Belle nodded eagerly. “I agree. I like places best when they’re a little bit of everything. It’s prettiest when the wisteria is in bloom and the north range is dripping with purple flowers. Sometimes we get swans on the moat. And in the summer the courtyard is in full bloom. Also we have three priest holes.”
“Three?”
“Yes, one is in a privy. Apparently it leads into the mediaeval sewer system, but we were never allowed to investigate. Wasn’t that so unfair?”
“On the contrary,” said Rufus, trying his hardest not to laugh. “I think it only reflects well upon your parents that they did not encourage their children to climb into a mediaeval sewer.”
“And we have several ghosts.”
“No abode is complete without them.”
“They’re quite boring, though.” Belle scowled into the distance, clearly taking the quality of her family’s hauntings personally. “One of our ancestors murdered a priest in a fit of jealousy, believing the priest was being untoward, well, toward his wife. He was convinced he would be barred from heaven for such an act and built a church to try and restore himself to God’s good graces, even going so far as to have himself buried beneath the flagstones of that very church. But it didn’t work and now he hangs about the house, lamenting his lack of restraint.

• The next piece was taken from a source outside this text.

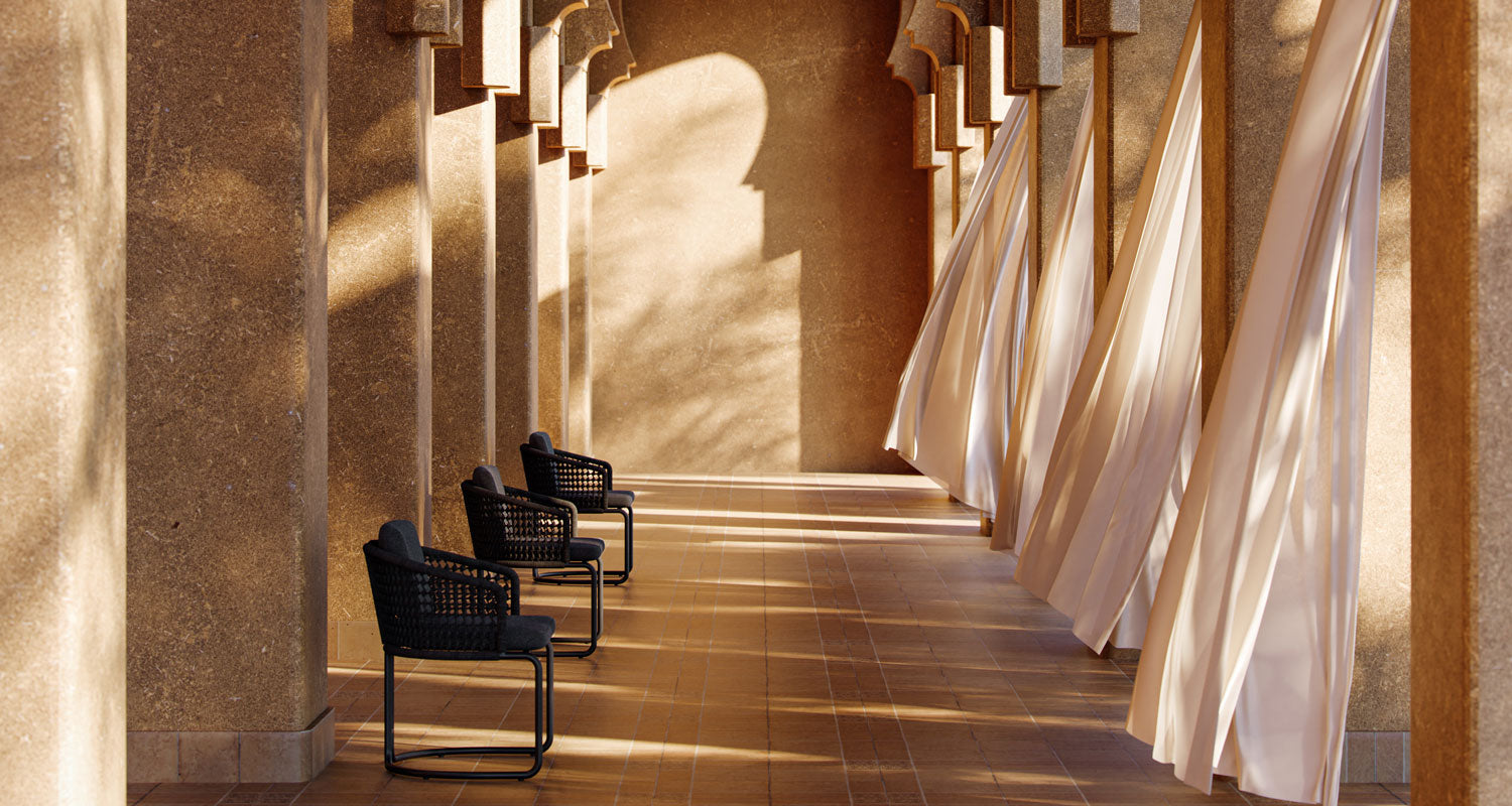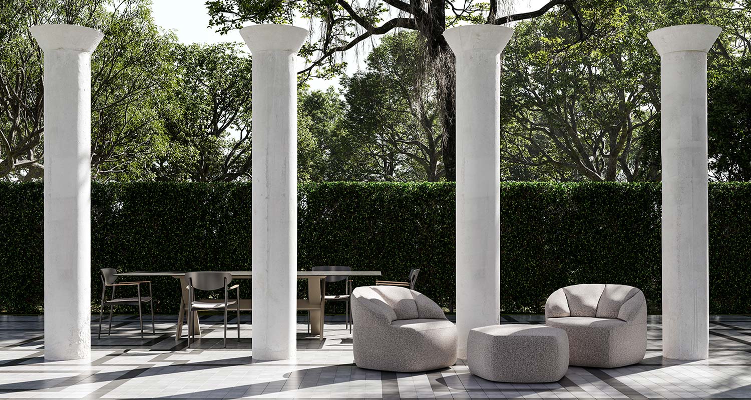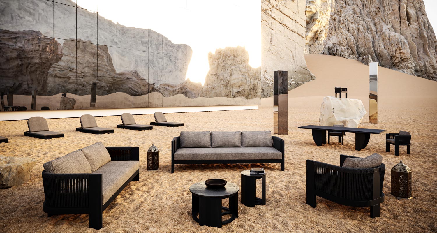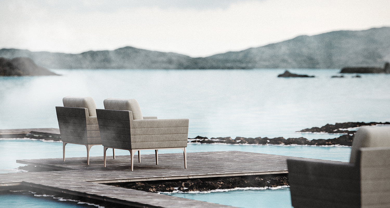 highlight and echo the volcanic vista, conjuring harmony with the water, land, weather and light.

Which must be very uncomfortable for the other ghosts, all of whom are priests who were tortured and killed during a raid by priest hunters.”
“Perhaps we can broker some kind of peaceful accord between the ghosts who are murdered priests and the ghost who murdered a priest.”
Belle paused, visibly intrigued. “How would we do that?”
“I’m afraid I have not thought that far ahead. Sage and sea salt, probably.”
“As long as we don’t accidentally banish them.”
“We will be nothing but respectful to otherworldly residents.”
To his faint alarm, Belle was blinking rapidly. And the next thing he knew, she had thrown herself into his arms. “Oh, Rufus, I am longing to go home.”
He held her tight, feeling a little prickly in the eye department himself. “Well,” he said, when he was sure he could speak lightly, “let’s get married and you shall.”